Fábio de Sá e colaboradores
_Hylodes japi_, espécie de perereca que apresenta complexa comunicação visual
Hylodes japi, espécie de perereca que apresenta complexa comunicação visual

No caso da pesquisa com a Hylodes japi, foi observado uma sinergia (chamada comunicação multimodal) entre diferentes tipos de comportamento: o coaxo, o toque e a comunicação visual na hora do acasalamento.

Enquanto a fêmea repousa a cabeça no dorso do macho, ele sinaliza inflando o saco vocal do lado que ela está, estica as pernas e treme o corpo. Ergue uma pata, fazendo uma ondulação. Esse namoro chega a durar 40 minutos.

Depois disso, eles rumam para um momento íntimo debaixo d'água. Em uma toca são postos os ovos de onde sairão os pequenos girinos.

PRIMA PARECIDA

A pererequinha estava sempre lá, aguardando ser descoberta, mas era confundida com outra, parecida, uma "prima". A Hylodes japi tem a cara, o focinho e o jeito da Hylodes ornatus, cuja população está estabelecida a mais de 200 km dali, na serra da Mantiqueira entre Minas Gerais, Rio de Janeiro e São Paulo.

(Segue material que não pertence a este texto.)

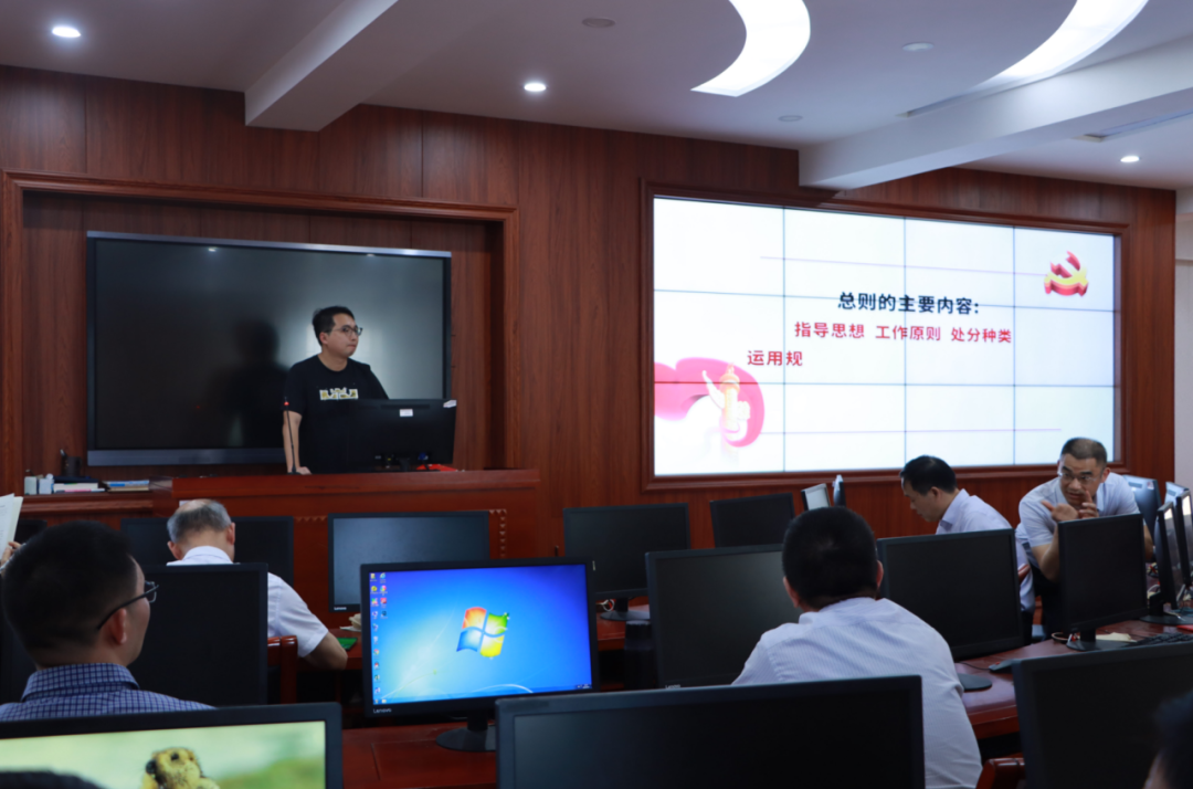 为扎实开展党纪学习教育,进一步增强公司教师对《中国共产党纪律处分条例》的理解和把握,太阳成集团tyc122ccvip于5月17日下午14:30组织党员教师在8601集中学习《中国共产党纪律处分条例》。此次会议由经济与管理公司党委书记张志刚主持,各位党员携带《中国共产党纪律处分条例》(以下简称《条例》)参会学习。

É algo que pode até passar despercebido aos olhos não treinados. E aos treinados também. Haddad havia deixado passar a chance alguns anos atrás. Ele explica que há muitas espécies crípticas, ou seja, que se assemelham à forma e ao jeitão de outra, mas que, na verdade, atendem os requisitos para a classificação como nova espécie, como isolamento geográfico e reprodutivo.

"A cor da japi era um pouquinho diferente, mas isso também pode acontecer dentro de uma mesma espécie", justifica Haddad.

No caso, além de ter o "insight" baseado na observação de que aquela espécie poderia ser, de fato, nova, foi necessário fazer um bocado de medidas, como análise acústica de seu coaxo além da avaliação comportamental e de um "código de barras" genético.